**Assignment**
Verbatim repeat, images excluded. Give each entry again as written.
* * * *
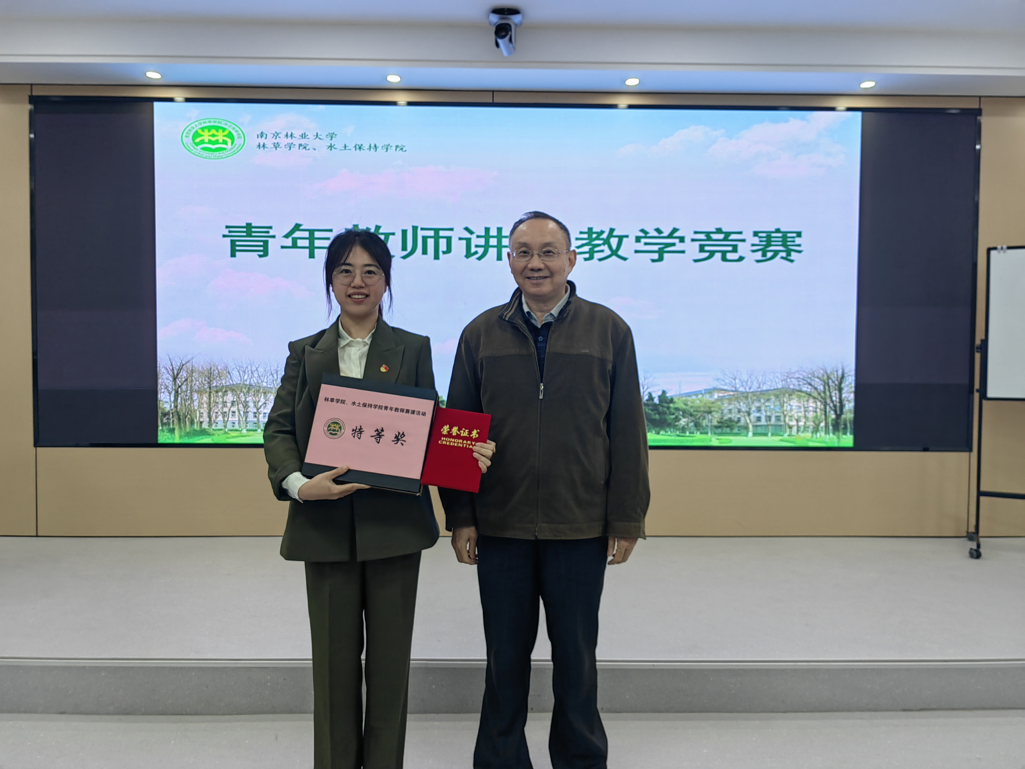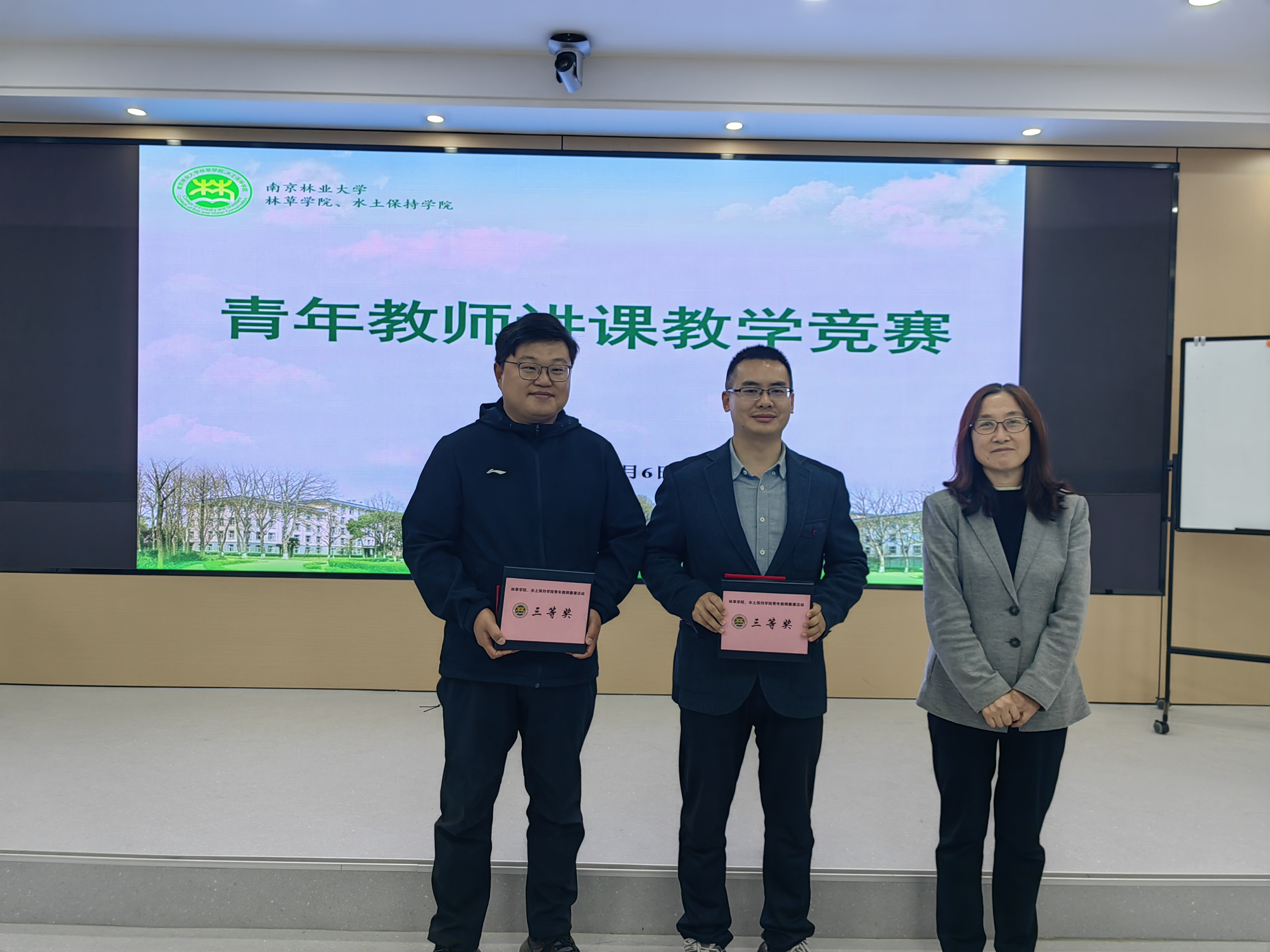 经评委现场评分,林木遗传育种系国颖老师获得本次竞赛等奖,森林保护系李同浦老师获一等奖,水土保持系陈琳老师和经济林系韩吉梅老师获二等奖林木遗传育种系倪州献老师和经济林系周凯老师获三等奖校院级督导为获奖老师颁发了奖状和奖品,希望青年教师在教学中紧紧把握人才培养的核心理念,将现代教育的理念和手段、思政教育等内容融入课堂教学,进一步推动课堂教学质量的提高。
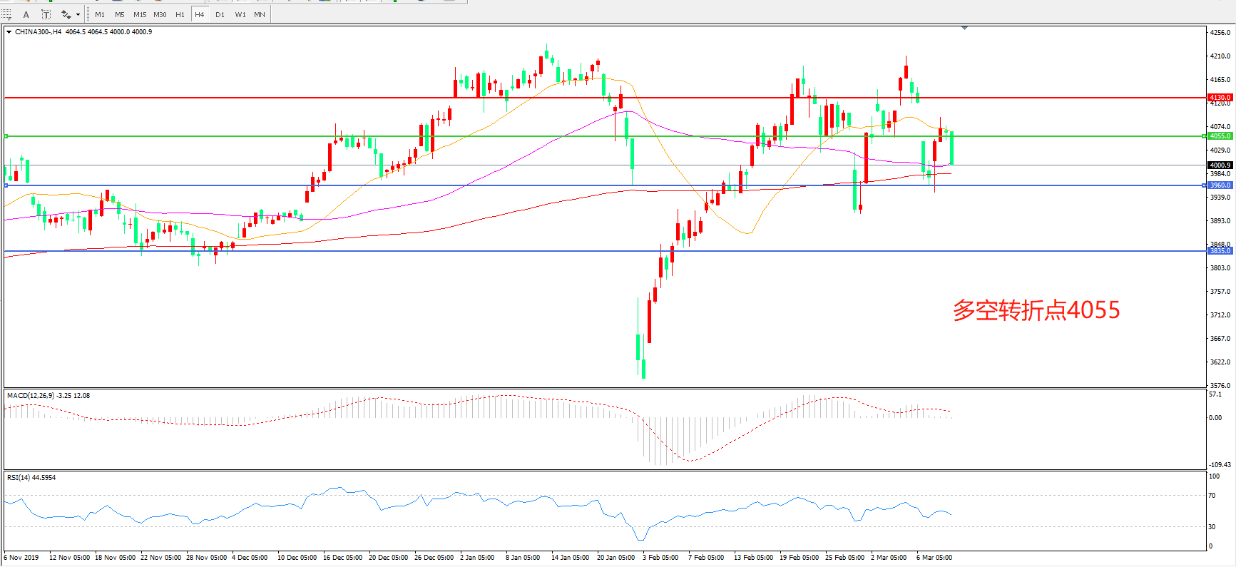 4小时图看,沪深300呈现区间震荡走势,4055成为短期阻力,3960成为下方支撑,均线系统走平,MACD红柱缩短,RSI指标向下,日内延续震荡概率较大。
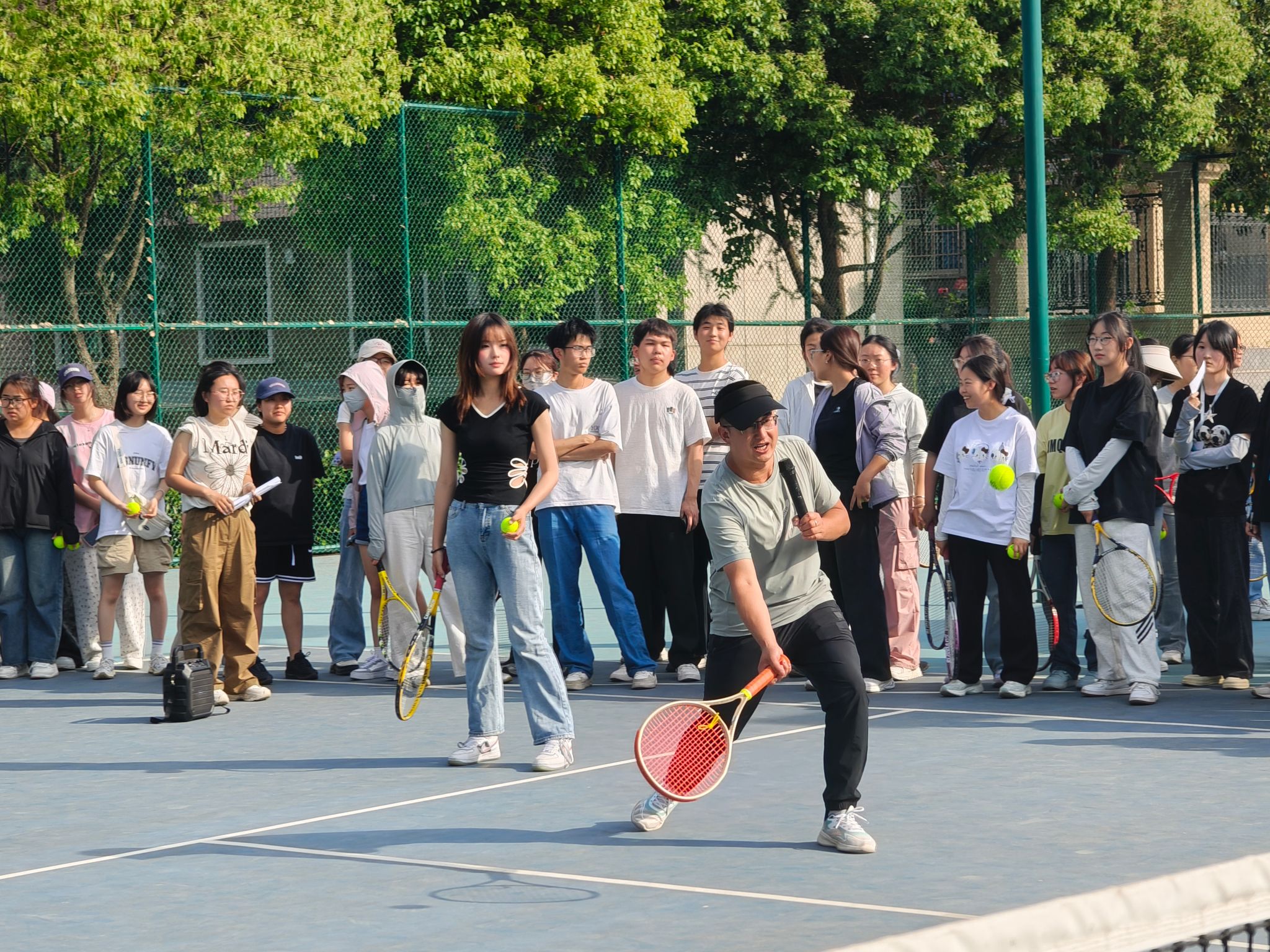 活动伊始,许明老师为同学们详细介绍了网球运动的起源、发展和传播历程。随后,带领全体参与者进行了专业的热身运动,确保活动安全开展。在专业教学环节,许明老师从握拍方式、挥拍轨迹、站位调整到力道控制等方面进行了系统讲解。同学们在老师指导下初次尝试网球运动,动作虽然略显生疏,但都表现出了浓厚的学习兴趣。正式活动分为三个特色环节:一是“解压投掷,一击入心”;二是小场双人对拉淘汰赛;三是“颠球接力”,活动现场气氛非凡,欢呼声此起彼伏。参与员工纷纷表示,此次活动不仅让他们体验了网球运动的乐趣,更有效缓解了心理压力,增强了同学们之间的交流与合作。
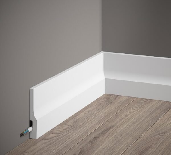 El rodapié QS009, fabricado con Polyforce, es un perfil moderno con una curva suave que aporta un toque sofisticado al interior. Gracias a las propiedades del material, el rodapié es ligero, resistente a la humedad y a la radiación UV, lo que garantiza su durabilidad y una fácil instalación.
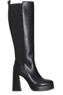 High stretch boot in imitation leather with elastic on the back. 22 mm platform and 100 mm high heel. rounded shape. the insole is in leather. all this gives balance between height beauty and comfort.
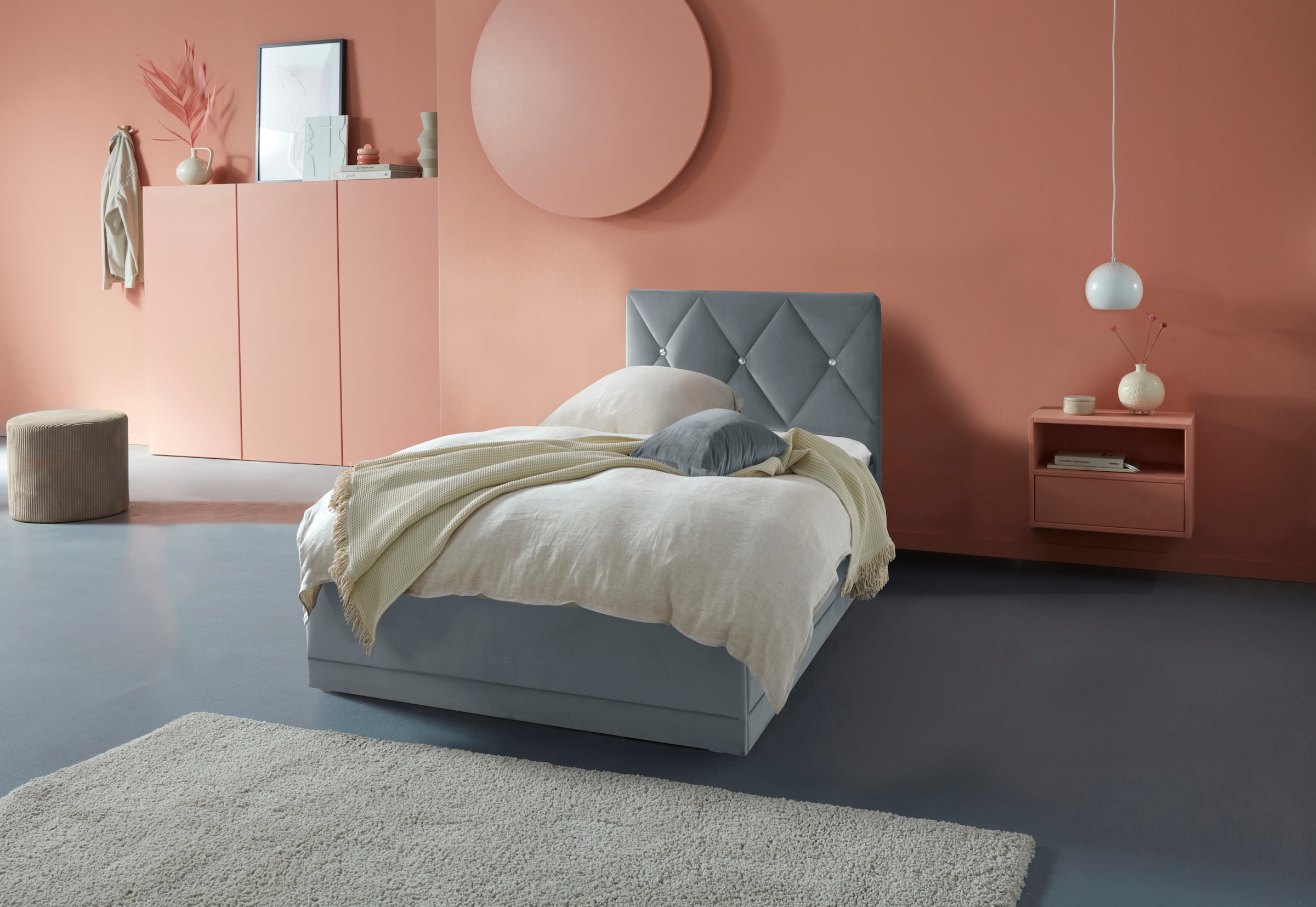 - Ausdrucksstarkes Kopfteil mit Knöpfen in Kristalloptik
* * * *
**Solution below**
 经评委现场评分,林木遗传育种系国颖老师获得本次竞赛等奖,森林保护系李同浦老师获一等奖,水土保持系陈琳老师和经济林系韩吉梅老师获二等奖林木遗传育种系倪州献老师和经济林系周凯老师获三等奖校院级督导为获奖老师颁发了奖状和奖品,希望青年教师在教学中紧紧把握人才培养的核心理念,将现代教育的理念和手段、思政教育等内容融入课堂教学,进一步推动课堂教学质量的提高。
 4小时图看,沪深300呈现区间震荡走势,4055成为短期阻力,3960成为下方支撑,均线系统走平,MACD红柱缩短,RSI指标向下,日内延续震荡概率较大。
 活动伊始,许明老师为同学们详细介绍了网球运动的起源、发展和传播历程。随后,带领全体参与者进行了专业的热身运动,确保活动安全开展。在专业教学环节,许明老师从握拍方式、挥拍轨迹、站位调整到力道控制等方面进行了系统讲解。同学们在老师指导下初次尝试网球运动,动作虽然略显生疏,但都表现出了浓厚的学习兴趣。正式活动分为三个特色环节:一是“解压投掷,一击入心”;二是小场双人对拉淘汰赛;三是“颠球接力”,活动现场气氛非凡,欢呼声此起彼伏。参与员工纷纷表示,此次活动不仅让他们体验了网球运动的乐趣,更有效缓解了心理压力,增强了同学们之间的交流与合作。
 El rodapié QS009, fabricado con Polyforce, es un perfil moderno con una curva suave que aporta un toque sofisticado al interior. Gracias a las propiedades del material, el rodapié es ligero, resistente a la humedad y a la radiación UV, lo que garantiza su durabilidad y una fácil instalación.
 High stretch boot in imitation leather with elastic on the back. 22 mm platform and 100 mm high heel. rounded shape. the insole is in leather. all this gives balance between height beauty and comfort.
 - Ausdrucksstarkes Kopfteil mit Knöpfen in Kristalloptik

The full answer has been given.